Having just finished watching Steve Jobs’ keynote at the Yerba Buena Arts Center in San Francisco on Wednesday on the Podcast streamed to my Apple TV while texting a friend on my iPhone in front of my MacBook displaying the latest iPad news connected to my Mac Mini downloading the latest Apps for my iPhone using Apple Screen Sharing, I think it’s safe to say I already play well with the “eco-system” Apple has created in the past.

But the iPad is a new departure in technology – an attempt to create a new market for a device that is essentially a large version of the iPod touch. While it’s powerful and clearly a very beautiful device, I fear that its failings as a whole product could damage its long-term appeal. While a lot of people have been shouting for a front-facing camera on the device, most people I know don’t even use the cameras in their laptops. Video conferencing is not popular in Europe from what I can see – mostly because of the poor broadband penetration, but also because Europeans are more texters than talkers or see-ers.

That aside, I think the iPad has a major flaw. It looks like something it’s now. The iPad is a fantastic departure from the folding laptop or the static desktop or the tiny smartphone. It’s the thing I’ve wanted since I was a little boy – a pad just like they used on Star Trek. But where it falls down for me is in the interface. I would have preferred a more unique system, or a better scaled UI unlike the almost barren-looking iPhone OS. On the demo screens Steve showed during the keynote, the app icons look miles apart, the “Slide to Unlock” button looked lost in the middle of the screen. It just looks a bit hashed together.

But would I still buy one?? Certainly. OBVIOUSLY I’d go for the one with the 3G built in. However how long it takes Irish cellular operators to introduce micro SIMs here remains to be seen. A non-3G iPad is like an iPod touch… it wants to be an iPhone but lacks the chips.
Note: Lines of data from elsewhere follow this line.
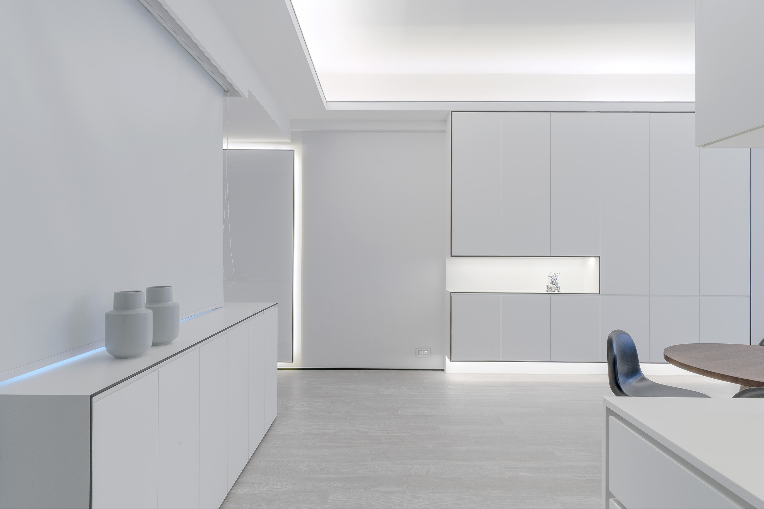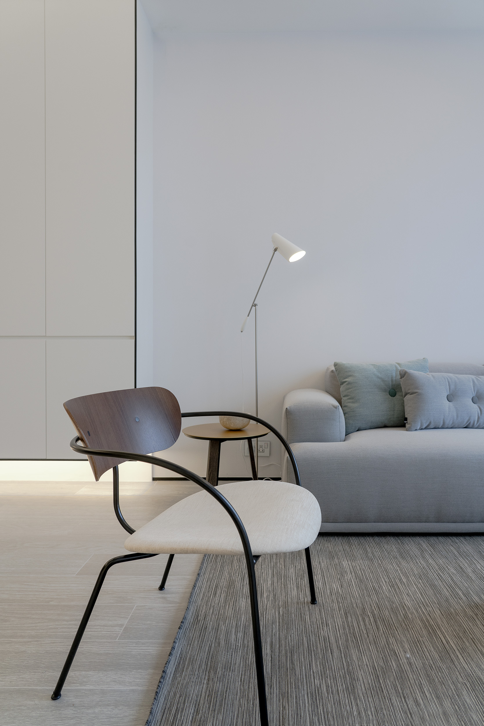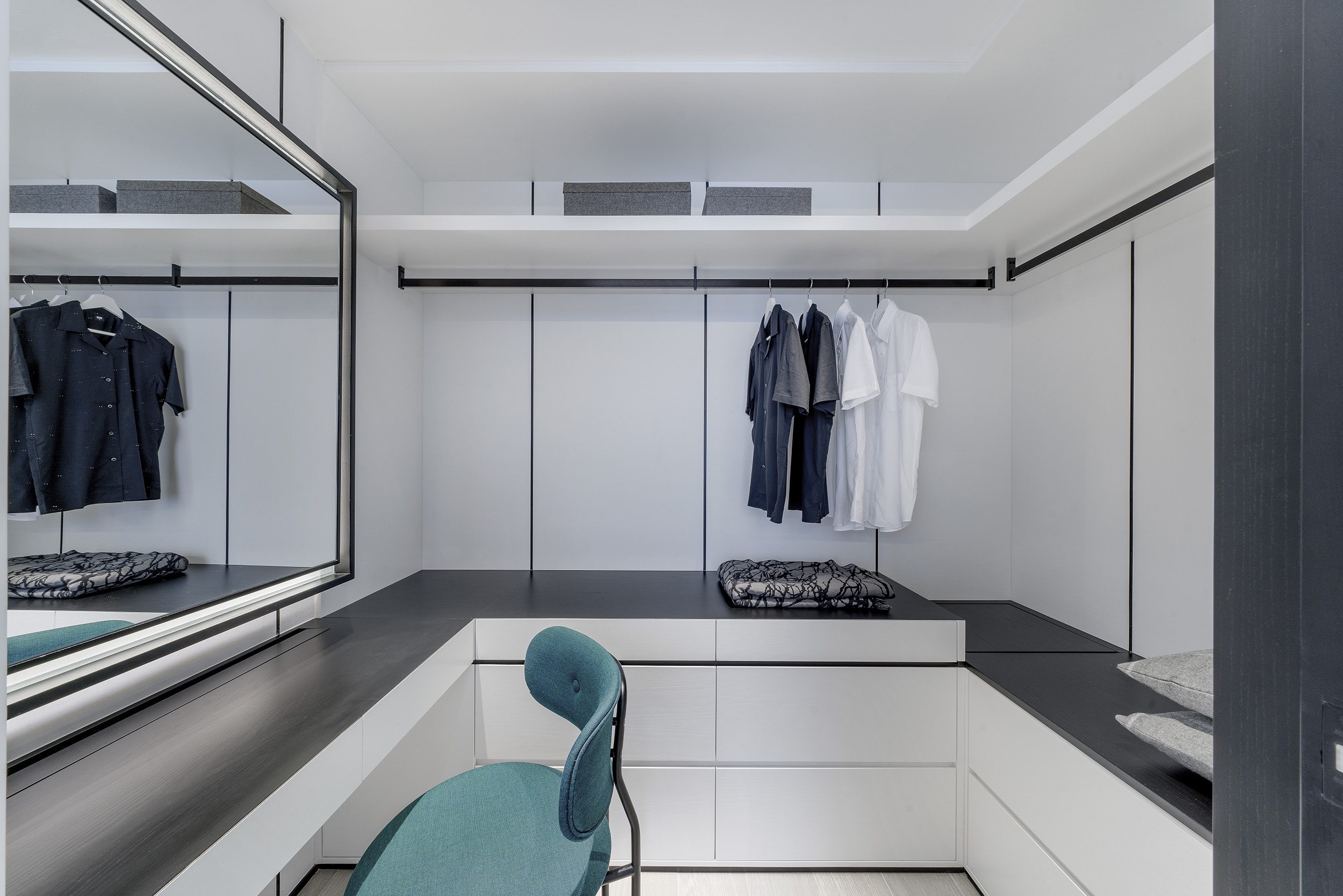 The unit uses pure white tones, ultimate design details with natural materials with minimalist spatial design to create a simple design for the more gentle and pressureless atmosphere. Using black wooden lines around the storage cabinet, ceiling and wall, the contrasting lines look like a frame in different perspectives of the unit, adding a lot of visual impacts and creating a layered effect.
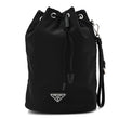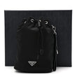 This is an authentic PRADA Re-Nylon Vela Drawstring Wristlet Pouch in Black. This chic bag is crafted of nylon in black. The bag features a top cinch cord and an optional black leather wristlet strap with polished silver hardware. The drawstring opens to a black logo jacquard interior.
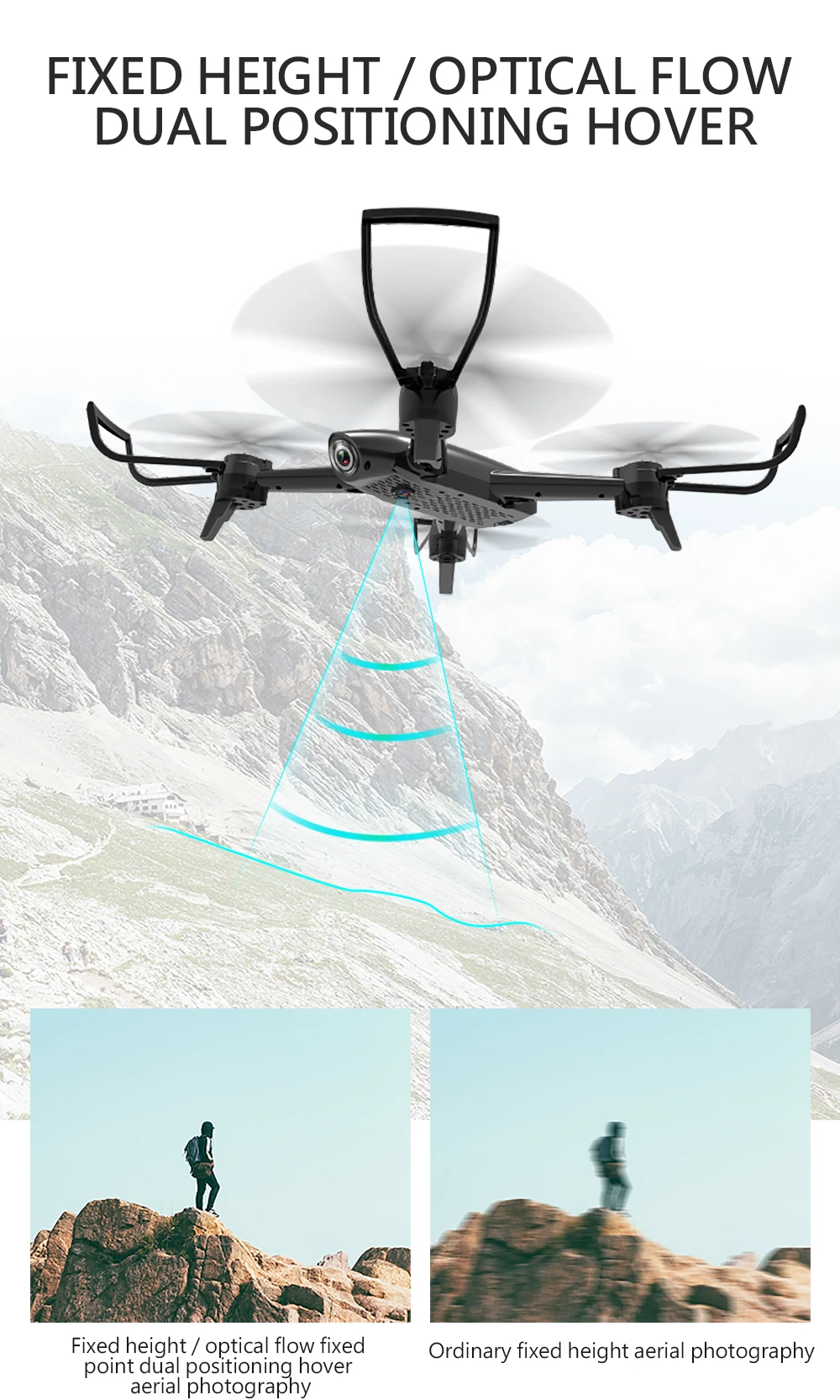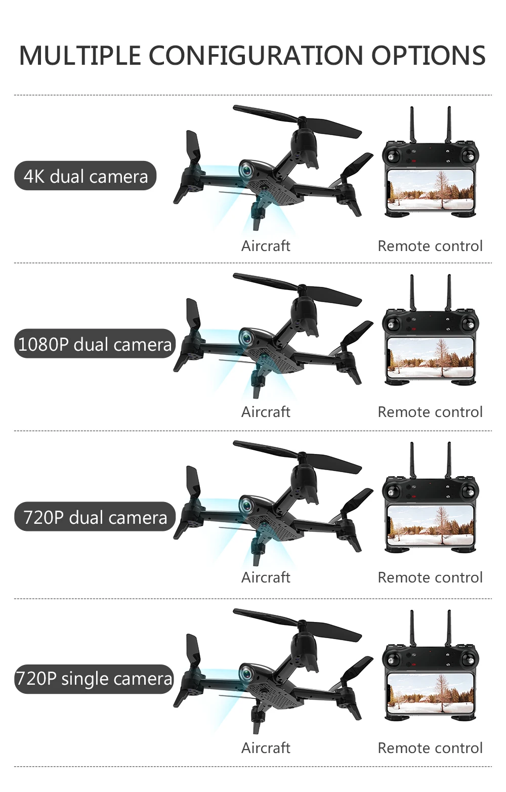 Обратите внимание, что у камеры только одна версия 720P, отверстие в нижней части дрона-это отверстие для двойной камеры Версии 1080P и двойной камеры версии 4K. Он не сломан, также приложение для дрона камеры 720p отличается от приложения для дрона камеры 1080P или 4K, поэтому вам нужно отсканировать другой код и загрузить его из другого руководства, нет приложения в руководстве пользователя. Спасибо. Описание: Артикул: SG106 Материал: АБС Цвет: черный, белый (по желанию) Частота: 2,4 г Канал: 4CH Гироскоп: 6 осей Камера: 4K, 1080P или 720P Фото: 4096*3072 или 1920*1080 или 1280*720 Видео: 2048*1080 or1920 * 1080 или 1280*720 Аккумулятор квадрокоптера: 3,7 в, 1600 мАч, Lipo аккумулятор (входит в комплект) Батарея передатчика: 2 батареи AAA (не входят в комплект) Время полета: около 22 минут Время зарядки: около 150-180 минут Радиус действия R/C: около 100 м Размер квадрокоптера: 27x27x7 см (без защитной крышки) 32x32x7 см (с защитной крышкой) Вес квадрокоптера: 140,6 г Посылка: 33,5x21x8,6 см Вес посылка: 373,8 г Особенности: -Встроенная двойная широкоугольная камера 1080P или 4K HD прекрасно настроена для съемки потрясающих снимков и видео с неба. -Позиционирование оптического потока помогает дрону достичь отличной производительности в точном месте, что обеспечивает стабильный полет. -С функцией режима удержания высоты обеспечивает стабильный полет. -Благодаря жесту фото и функции записи ваша фотография станет более удобной и замечательной. -Отслеживайте полет, вы можете нарисовать желаемую дорожку полета на телефоне, а Квадрокоптер будет летать по линии, которую вы рисуете. -С функцией Wi-Fi можно подключить приложение для фотосъемки, видео, передачи в реальном времени через Изображение камеры телефона. -В безголовом режиме нет необходимости регулировать положение самолета перед полетом. -Функция One key to return позволяет легко найти дорогу домой. -Smart follow, Дрон следует за движущимся пультом дистанционного управления и выполняет функцию наблюдения. -Он может реализовать 3d-падение на 360 градусов в четырех направлениях с 4 светодиодный дами. -Технология 2,4 ГГц для защиты от помех. -4 канала, которые могут совершать полеты по восхождению, спуску, вперед, назад, влево, вправо и вращение на 360 градусов. -6-осевой гироскоп, обеспечивающий более стабильный полет и простой в управлении. -Аккумулятор большой емкости 3,7 в, 1600 мАч, поддерживает максимальное время полета 22 минуты. -Фюзеляж квадрокоптера изготовлен из высокопрочного и устойчивого инженерного пластика, легкий и прочный. Функция: вверх/вниз, вперед/назад, поворот влево/вправо, боковой фонарь, светильник, Безголовый режим, автоматический возврат одной кнопкой, позиционирование оптического потока, фонасветильник трека f, режим удержания высоты, фото жестов, видео жестов Посылка 1 x Квадрокоптер SG106 RC 1 передатчик 1 Аккумулятор 3,7 в 1600 мАч 1 x USB-кабель для зарядки 4 запасных пропеллера 4 x защитная крышка 2 шасси 1 отвертка 1 х Руководство
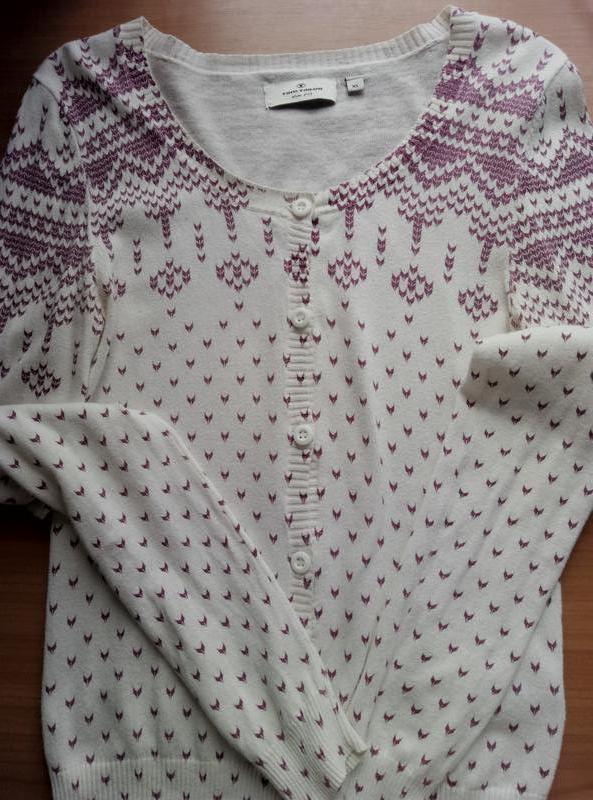 оригинальная нарядно-каждодневная кофточка. написан размер XL, реальный размер s или м. цвет молочный с бордовым рисунком.
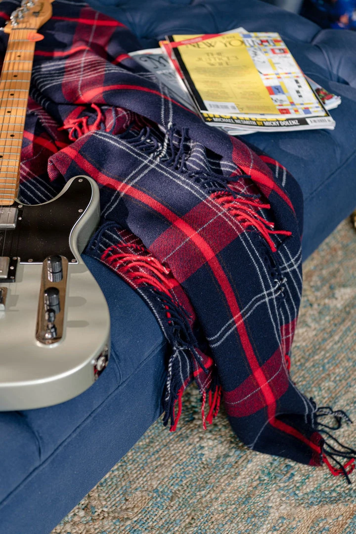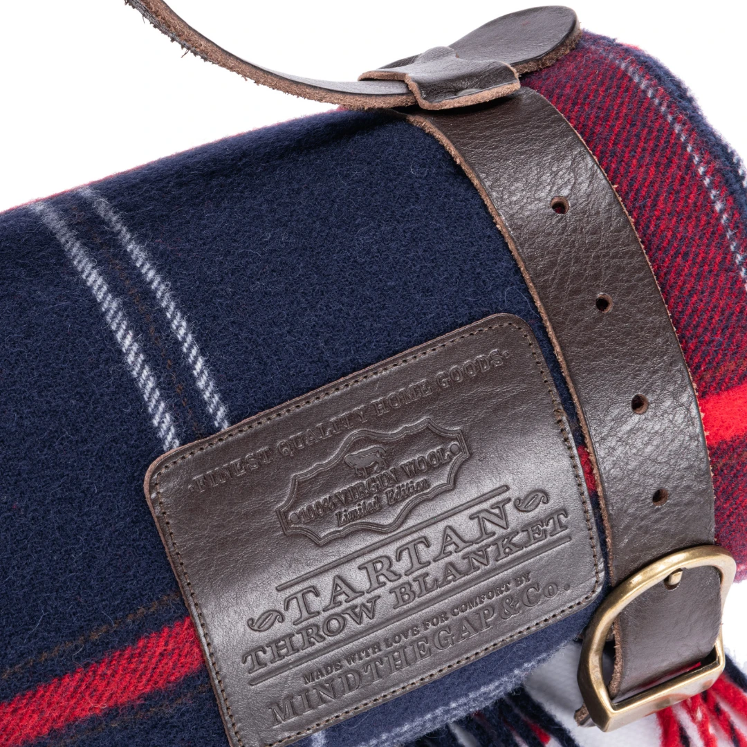 Made of the finest Italian virgin wool , this comfortable plaid throw is beautifully finished on the sides with delicate fringes and a vintage style artisan leather label. Made for both outdoor and indoor experiences, the blanket comes rolled up in a leather hand-crafted strap that makes it easy to carry and store in style. Brass rivets and buckles add value to this authentic accessory that combines design and comfort in a great way.
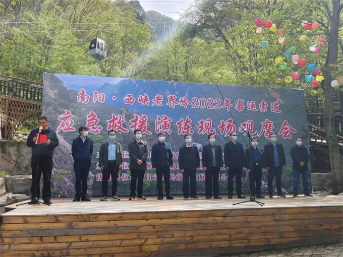 南陽市2022年西峽老界嶺客運索道應(yīng)急救援演練現(xiàn)場觀摩會由南陽市市場監(jiān)管局和西峽縣政府主辦,西峽縣市場監(jiān)管局和太平鎮(zhèn)人民政府承辦,南陽老界嶺旅游開發(fā)有限公司協(xié)辦。市市場監(jiān)管局黨組成員、副局長劉振江,西峽縣政府副縣長崔淅周,市市場監(jiān)管局特監(jiān)科、應(yīng)急辦、綜合科,西峽縣市場監(jiān)管局、西峽縣應(yīng)急管理局 、西峽縣文廣旅局 、太平鎮(zhèn)政府、省特檢院南陽分院、南陽市電梯智能監(jiān)控中心等單位相關(guān)負責(zé)同志現(xiàn)場督導(dǎo)救援演練。西峽、內(nèi)鄉(xiāng)、南召縣局特種設(shè)備業(yè)務(wù)分管局長及股長、全市客運索道運營單位負責(zé)人、索道站站長現(xiàn)場觀摩演練。

I can see how the internet browsing would be amazing, and that if the evil empires that are the record companies and studios got their head out of their asses and allowed Apple to just start selling Movies and TV Shows in Europe, then it’d be a great device for viewing that stuff too. I’ve long since become annoyed with having to double-tap on sites on my iPhone when I want to browse the net for something I just thought of when I’m not near a computer… at least with the iPad I’d have a slightly easier time of viewing it.

But what strikes me as amazing is that the iPad has so much potential that few are talking about. Remember TabletPCs?? They were supposed to revolutionize the healthcare sector with doctors and nurses having these TabletPCs which would substitute the need for notepaper and pens. That was a damaging and dramatic failure because Microsoft let the software side down long before the hardware vendors and designers let the hardware side down with clumsy and ugly hardware that was brittle and bulky and with LCD screens that were unprotected. They attempted to build LapLets – Laptops that were Tablets. Apple’s product is different. A solid .5″ thin light device that can be carried anywhere. And with the App store SDK available for everyone to use – the market for an application for the healthcare sector is really just waiting to be tapped.

Another place I see this really taking off is perhaps one most think of – education. With the iBooks store, the education market is just waiting to be tapped. If the game is played right, the days of lugging large 25kg backpacks to school every day as a child will be over. Spine development globally will result in taller humans in 20 years or so thanks to the iPad. I’d love to be a kid again in a future-looking forward-facing school system which employed these amazing products. Handwriting is already becoming a pointless art for kids as they text their friends constantly in this foul abomination of text-speak, but teaching them to type properly on a device that would likely inspire them to read book, browse the internet and discover the world through their own fingertips would be a nice world.